Опустив руку, пачкая кровью подол хитона, Меламп улыбнулся — так признают поражение — и встал на колени.

— Бей, — сказал он, опуская голову.

Нет, возразило молчание.

Пожалуй, мальчик изумился больше целителя. Амфитрион едва сдержался, чтобы не вцепиться в деда — ну что же ты? бей его! Он был на грани помешательства. Еще миг, и мальчик бы выдернул из ножен дедов меч, чтобы всадить клинок в олицетворенное предательство. На коленях? Подставил шею? — пусть! Есть поступки, которым нет прощения…

Я и не прощаю, объяснило молчание. Я просто не бью.

— Когда? — спросил Персей. — Когда ты отравил меня?

— В портике. Помнишь, мы пили пиво?

— Ванакт Анаксагор заранее договорился с тобой об этом?

— Нет. Он поставил мне условие позже, вечером. Твоя голова за два города.

— Ты дал мне отраву еще до того, как принял условие Анаксагора?

— Да.

— Почему? У тебя есть свои причины мстить мне?

— Я провидец, — голос Мелампа треснул разбитым кувшином. Не сразу стало ясно, что целитель смеется. — Я знал, что потребует у меня Анаксагор. И знал, что соглашусь. Так зачем мне было откладывать яд на будущее? Такой удобный случай…

— Ты прозреваешь собственную судьбу? Даже пифии в Дельфах…

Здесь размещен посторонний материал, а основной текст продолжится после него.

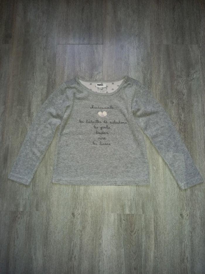 haut de pyjama en velours gris coeur la halle taille 8 ans #8anspetitefee3
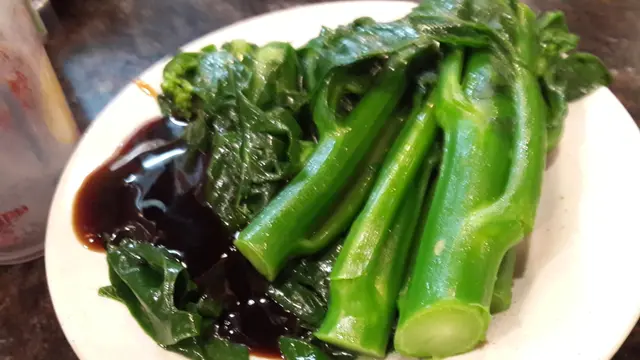 今次, 我叫了牛膀, 牛腸拼魚蛋河 + 芥蘭。
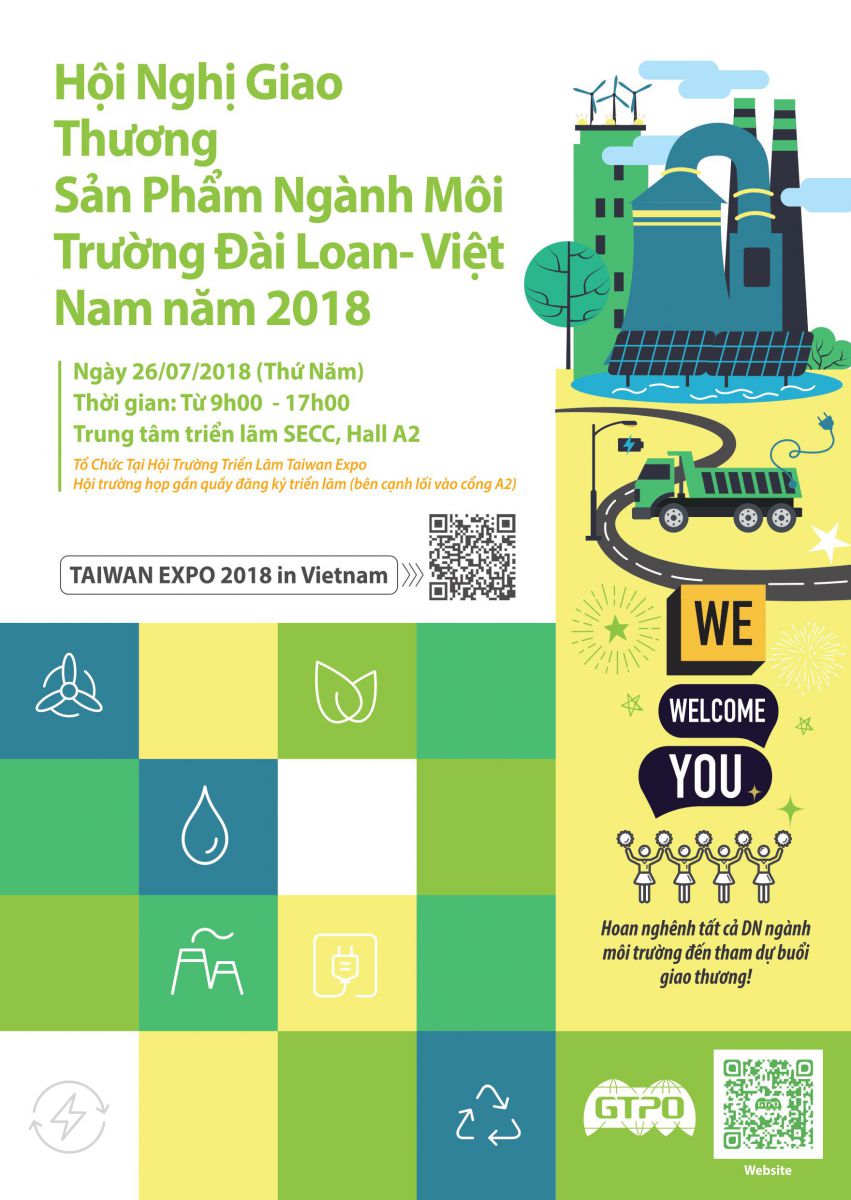 Green Trade Project Office (GTPO), supervised by Taiwan’s Ministry of Economic Affairs will organize the “Taiwan Green Products Pavilion” to showcase Taiwan's Green Products at the Taiwan Expo in Vietnam. Taking place from July 26-28, 2018 at Saigon Exhibition and Convention Center, Ho Chi Minh, the pavilion will be exhibiting products from 11 Taiwanese companies in three major categories according to Vietnam’s National Green Growth Strategy: 1) Reduction of greenhouse gas emissions and promotion of clean and renewable energy, 2) Greening production, 3) Greening lifestyle and promoting sustainable consumption. Taiwan wants to work and take part together with Vietnam in solving its environmental challenges, leading towards a green lifestyle.
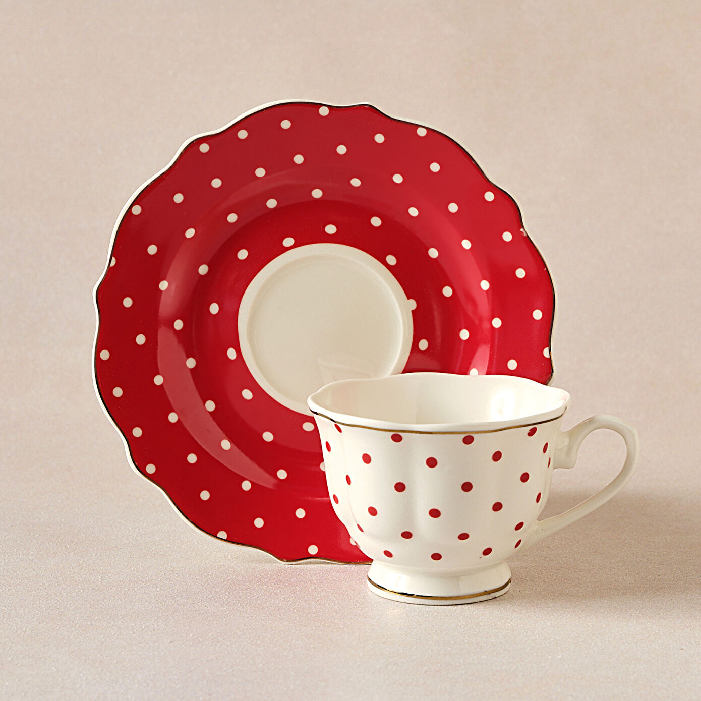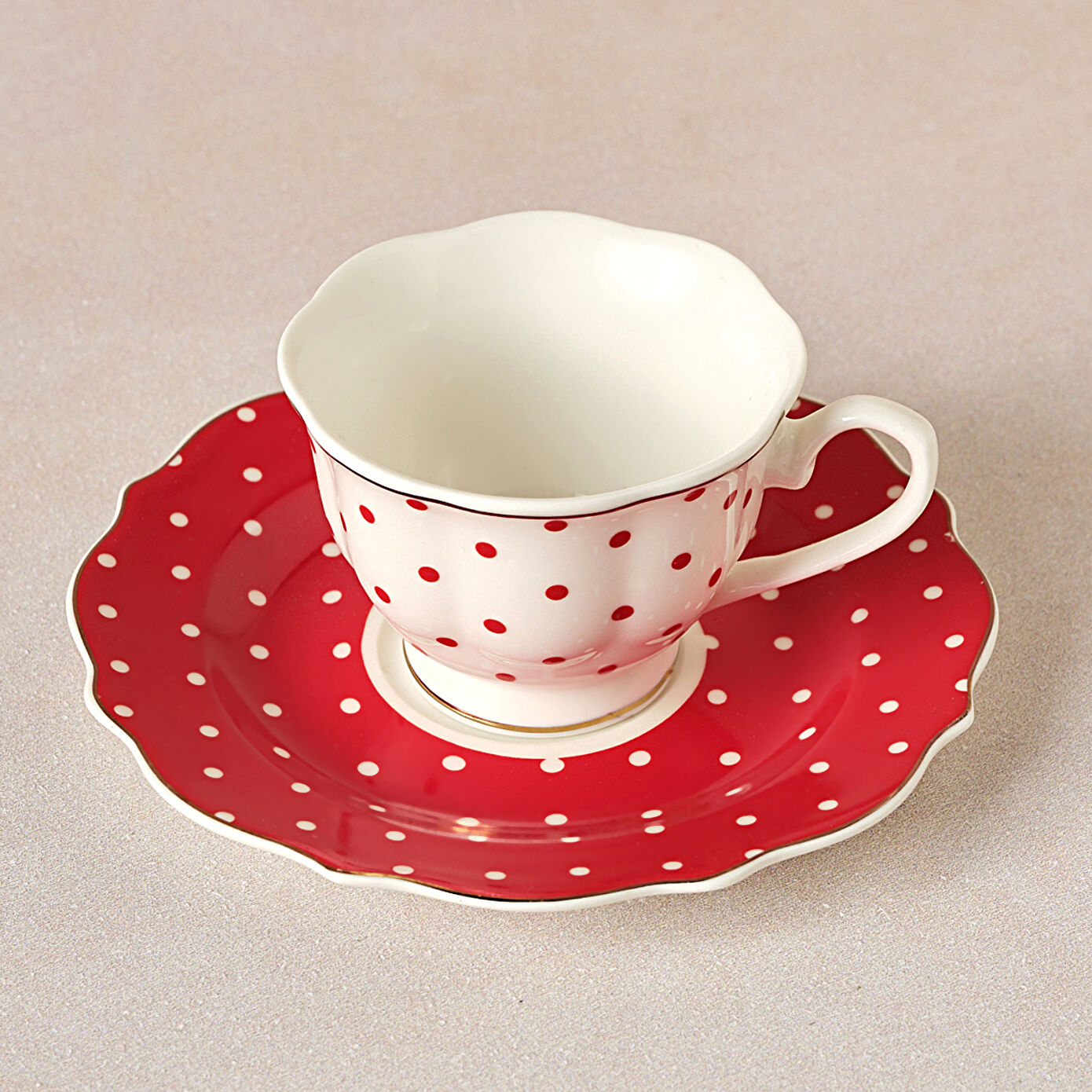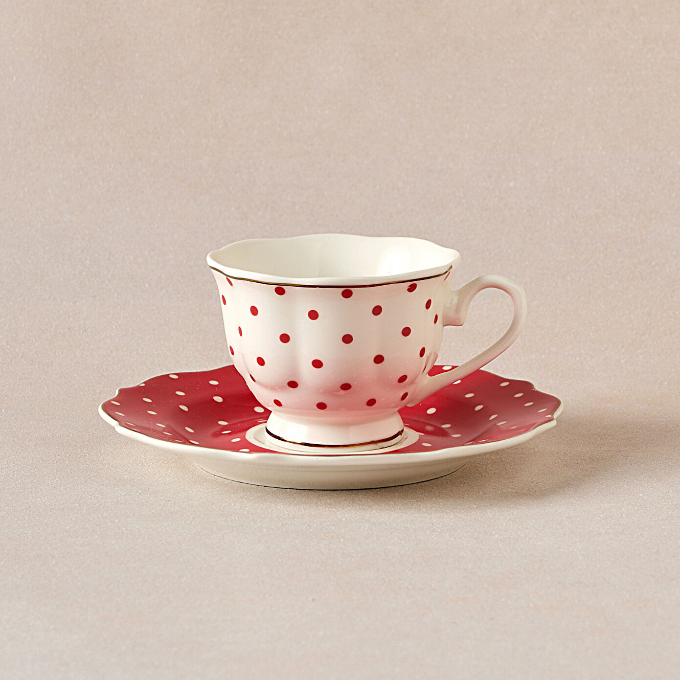 Karaca New Romantic Puantiyeli Kahve Fincanı 90 ml Kırmızı

— Что там прозревать? — смех превратился в осыпь глиняных черепков. — Тупой чурбан, и тот на моем месте знал бы, чего захочет ванакт. Твой внук сейчас ненавидит меня меньше, чем Анаксагор — тебя. Сидеть на троносе, понимая, что сидишь на Персеевой ладони… Ждать, когда же Персей сожмет кулак. Такое можно простить богу. Ты бог?

— Я тупой чурбан, — задумчиво сказал Персей. — Вставай, фессалиец.

— Дедушка! — возопил Амфитрион. — Убей его!

— А кто будет лечить вакханок? Ты?

— Я? — опешил мальчик. — Я не умею…

Как пушинку, дед вскинул внука себе на плечи.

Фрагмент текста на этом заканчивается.